– А что, покойник может еще раз вернуться? – встрепенулась Наталья. – Кстати, можно узнать, отчего он погиб?
– От огнестрельного оружия, – ответил Листратов, оставив без внимания первый вопрос. Кстати, и у него самого было средство защиты… или нападения. Отвертка.
– Что же это за оружие, отвертка? – удивилась я.

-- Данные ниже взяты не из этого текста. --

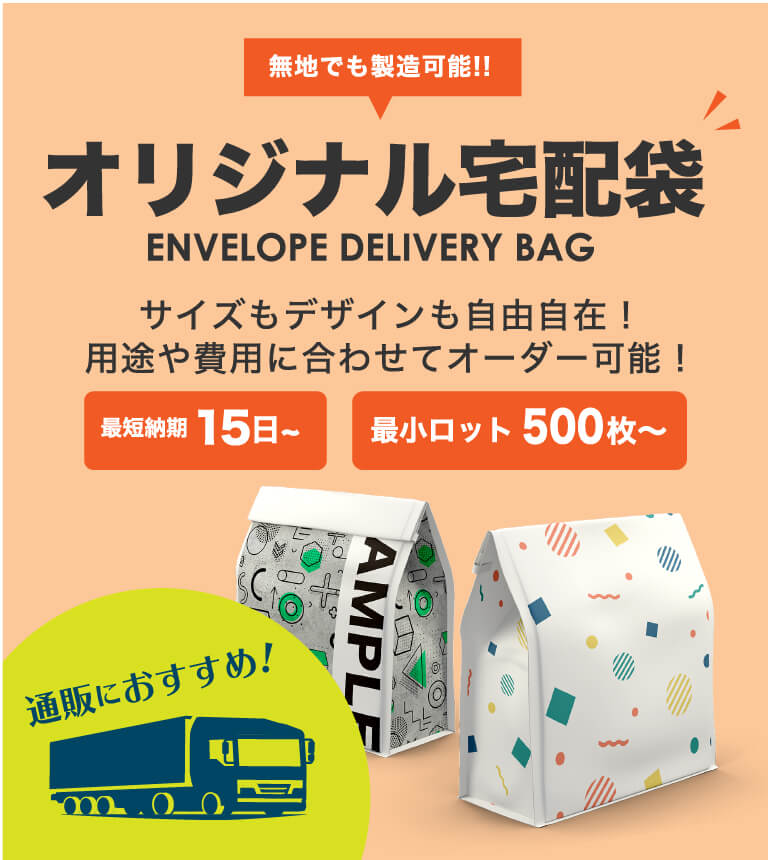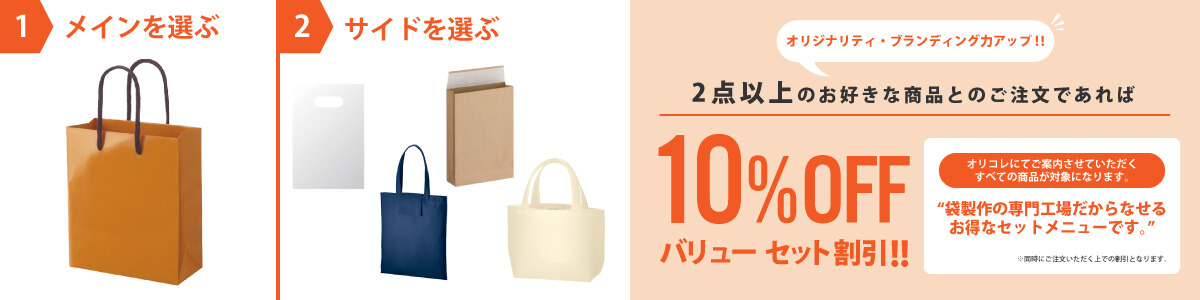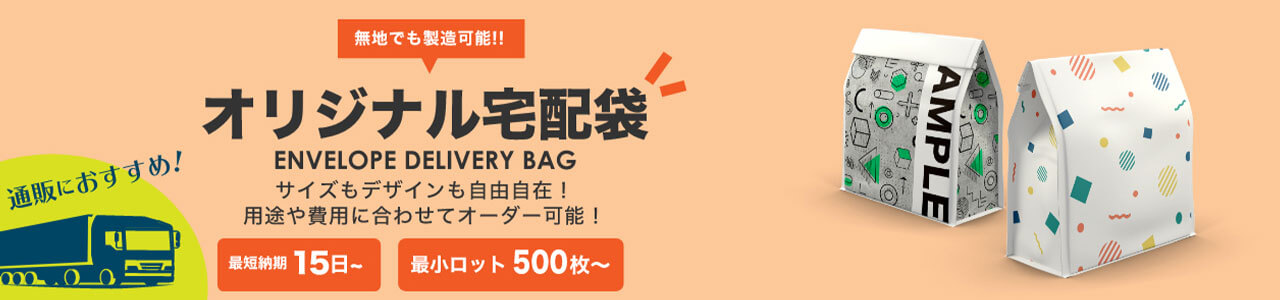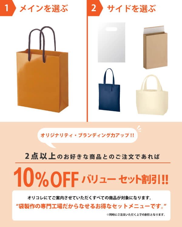 取り扱い商材が豊富なオリコレなら宅配袋と合わせて「紙袋」や「ポリ袋」などその他の商材と合わせてご注⽂いただくことが可能です。統⼀したデザインで製作することによってよりブランドイメージをアップすることが可能となります。
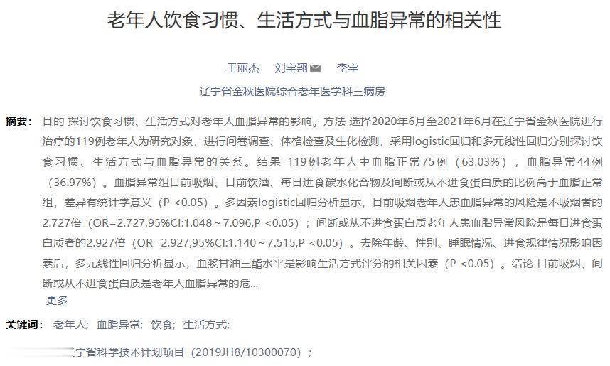 参考资料[1]王丽杰,刘宇翔,李宇.老年人饮食习惯、生活方式与血脂异常的相关性[J].中国医药导报炒股配资平台技巧,2022,
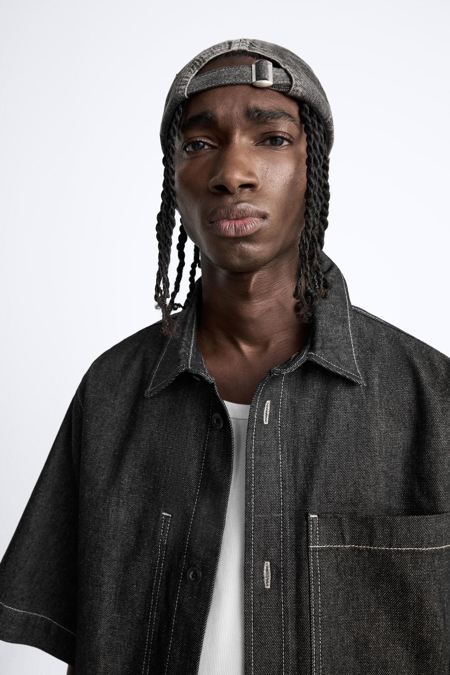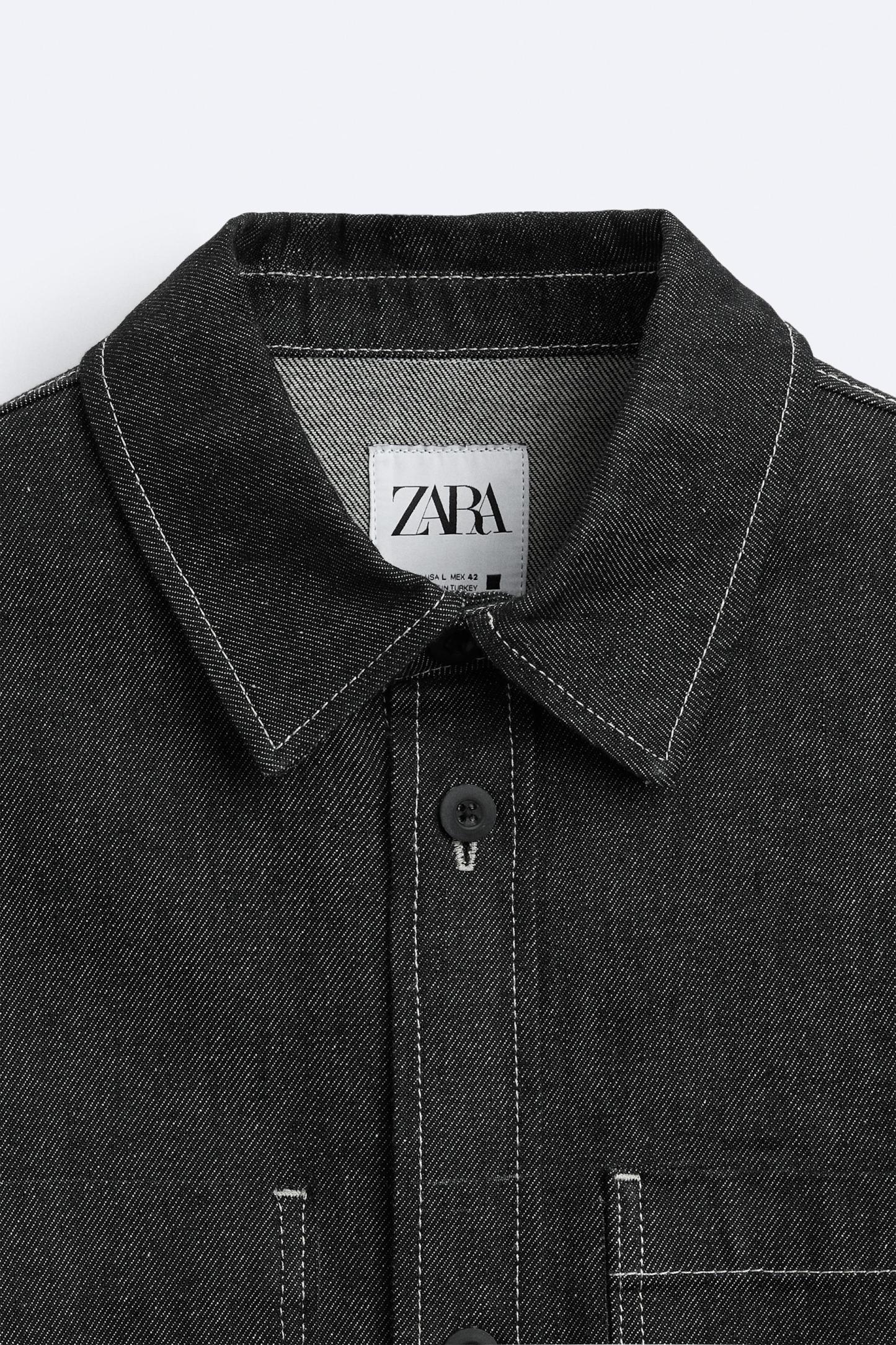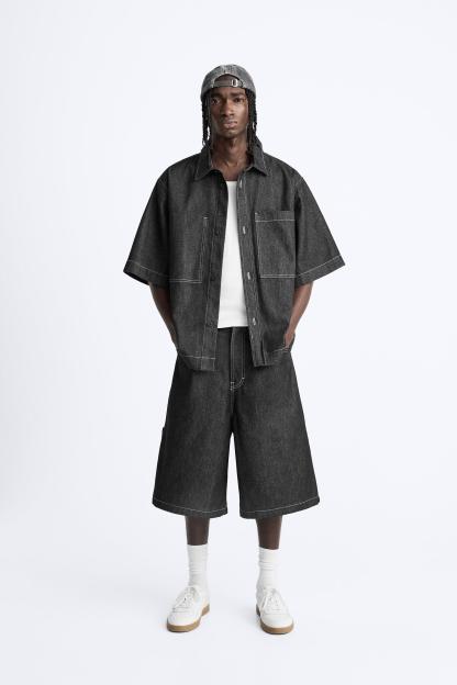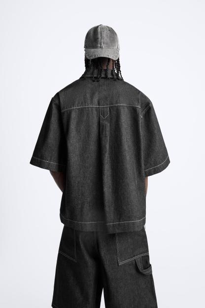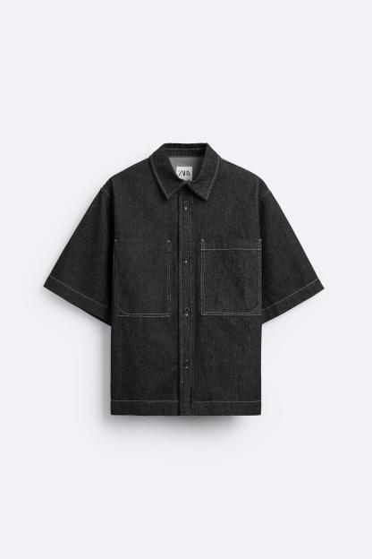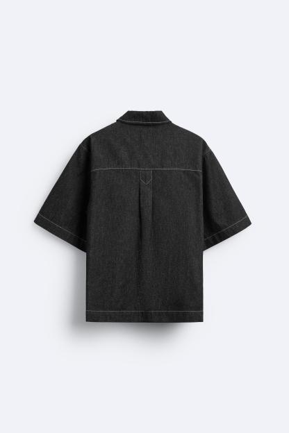 CONTRAST TOPSTITCHED DENIM SHIRT

– А кто сказал, что это оружие? Вот встретится этакий браток с отверткой, и не предъявишь ему никаких претензий. Отвертка – инструмент, а не холодное оружие, если она, конечно, не обработана соответствующим образом. Ну ладно, ликбез окончен. Мне пора. Не забудьте дверь на эту штуку закрыть, – показал он на засов.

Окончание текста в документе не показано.